The Yurok will be the first Native people to manage tribal land with the National Park Service under a historic memorandum of understanding signed on Tuesday by the tribe, Redwood national and state parks and the non-profit Save the Redwoods League.
The agreement “starts the process of changing the narrative about how, by whom and for whom we steward natural lands”, Sam Hodder, president and CEO of Save the Redwoods League, said in a statement.
The return of the 125 acres (50 hectares) of land – named ’O Rew in the Yurok language – more than a century after it was stolen from California’s largest tribe is proof of the “sheer will and perseverance of the Yurok people”, said Rosie Clayburn, the tribe’s cultural resources director. “We kind of don’t give up.”
For the tribe, redwoods are considered living beings and traditionally only fallen trees have been used to build their homes and canoes.
“As the original stewards of this land, we look forward to working together with the Redwood national and state parks to manage it,” Clayburn said. “This is work that we’ve always done, and continued to fight for, but I feel like the rest of world is catching up right now and starting to see that Native people know how to manage this land the best.”
The property is at the heart of the tribe’s ancestral land and was taken in the 1800s to exploit its old-growth redwoods and other natural resources, the tribe said. Save the Redwoods League bought the property in 2013 and began working with the tribe and others to restore it.
Much of the property was paved over by a lumber operation that worked there for 50 years and also buried Prairie Creek, where salmon would swim upstream from the Pacific to spawn.
Plans for ’O Rew include a traditional Yurok village of redwood plank houses and a sweat house. There also will be a new visitor and cultural center displaying scores of sacred artefacts from deerskins to baskets that have been returned to the tribe from university and museum collections, Clayburn said.
It will add more than a mile (1.6km) of new trails, including a new segment of the California Coastal Trail, with interpretive exhibits. The trails will connect to many of the existing trails inside the parks, including to popular old-growth redwood groves.
The tribe had already been restoring salmon habitat for three years on the property, building a meandering stream channel, two connected ponds and about 20 acres (8 hectares) of floodplain while dismantling a defunct mill site. Crews also planted more than 50,000 native plants, including grass-like slough sedge, black cottonwood and coast redwood trees.
Salmon were once abundant in rivers and streams running through these redwood forests, But dams, logging, development and drought – due in part to the climate crisis – have destroyed the waterways and threatened many of these species. Last year, recreational and commercial king salmon fishing seasons were closed along much of the west coast due to near-record low numbers of the iconic fish returning to their spawning grounds.
The tribe will take ownership in 2026 of the land near the tiny northern California community of Orick in Humboldt county after restoration of a local tributary, Prairie Creek, is complete under the deal.

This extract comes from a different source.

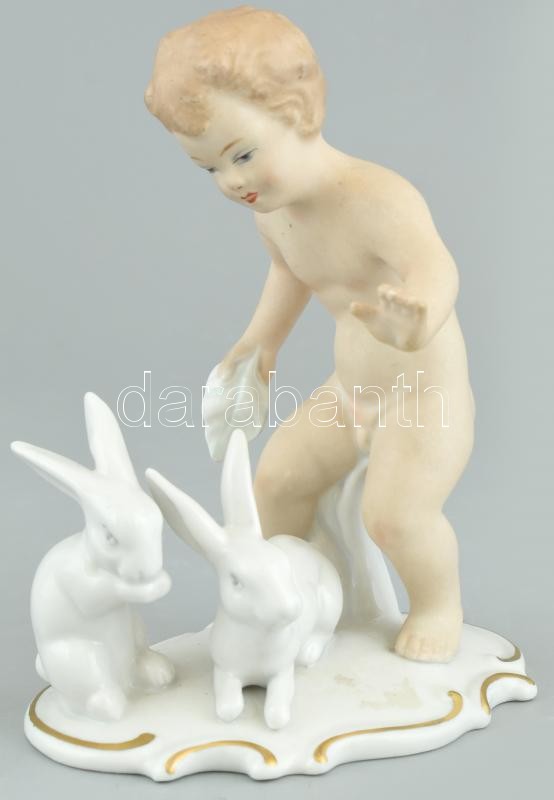 Leírás: Wallendorf nyuszikat etető puttó, kézzel festett, jelzett, hibátlan, m:15 cm

A growing Land Back movement has been returning Indigenous homelands to the descendants of those who lived there for millennia before European settlers arrived. That has seen Native American tribes taking a greater role in restoring rivers and lands to how they were before they were expropriated.
Last week, a 2.2-acre (0.9-hectare) parking lot was returned to the Ohlone people where they established the first human settlement beside San Francisco Bay 5,700 years ago. In 2022, more than 500 acres (200 hectares) of redwood forest on the Lost Coast were returned the InterTribal Sinkyone Wilderness Council, a group of 10 tribes.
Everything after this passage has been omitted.